WHAT IS EXPECTED |
The reply should consist solely of the lines from the one that holds "为了表达对这些坚守岗位女干警" through the last line of the material, reproduced exactly; no pictures belong in it.
---
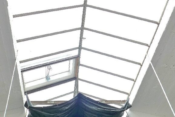 Die Verglasung in den Büroräumlichekten besteht aus isolierverglasten Kunsstofffenstern.
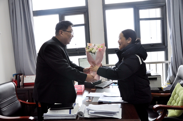 为了表达对这些坚守岗位女干警的敬意和感谢,院领导带着一束束精心挑选的鲜花和一张张充满温情的祝福卡片,走进了各个加班岗位。“大家辛苦了,三八节快乐!”每到一处,院领导都亲手将鲜花送到女干警手中,亲切地与她们交谈,感谢她们为法院工作的辛勤付出。接过鲜花的女干警们脸上洋溢着幸福的笑容,纷纷表示这是她们收到的最特别、最温暖的节日礼物。
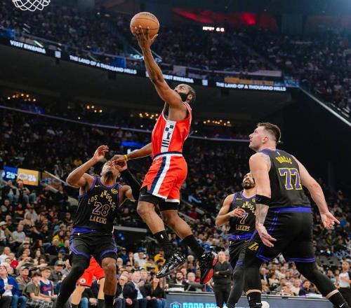 湖人和快船洛杉矶德比。快船先发:伦纳德、科林斯、祖巴茨、邓恩、哈登!湖人先发:詹姆斯、拉拉维亚、艾顿、斯玛...
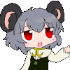 Nyn, a cartoon character with gray hair and intense red eyes, gives an annoyed or serious stare.
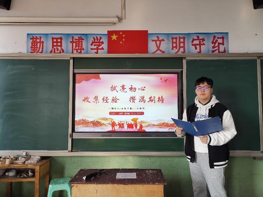 大峪小学位于河北省南部的峰峰矿区大峪镇,是一所普通的乡村小学。为适应疫情防控需要,此次活动采取线上线下相结合的形式开展,宣讲团成员郭昊天前往大峪小学,在教室中进行宣讲,同学们通过微信群直播线上观看。
---
YOUR RESPONSE |
 为了表达对这些坚守岗位女干警的敬意和感谢,院领导带着一束束精心挑选的鲜花和一张张充满温情的祝福卡片,走进了各个加班岗位。“大家辛苦了,三八节快乐!”每到一处,院领导都亲手将鲜花送到女干警手中,亲切地与她们交谈,感谢她们为法院工作的辛勤付出。接过鲜花的女干警们脸上洋溢着幸福的笑容,纷纷表示这是她们收到的最特别、最温暖的节日礼物。
 湖人和快船洛杉矶德比。快船先发:伦纳德、科林斯、祖巴茨、邓恩、哈登!湖人先发:詹姆斯、拉拉维亚、艾顿、斯玛...
 Nyn, a cartoon character with gray hair and intense red eyes, gives an annoyed or serious stare.
 大峪小学位于河北省南部的峰峰矿区大峪镇,是一所普通的乡村小学。为适应疫情防控需要,此次活动采取线上线下相结合的形式开展,宣讲团成员郭昊天前往大峪小学,在教室中进行宣讲,同学们通过微信群直播线上观看。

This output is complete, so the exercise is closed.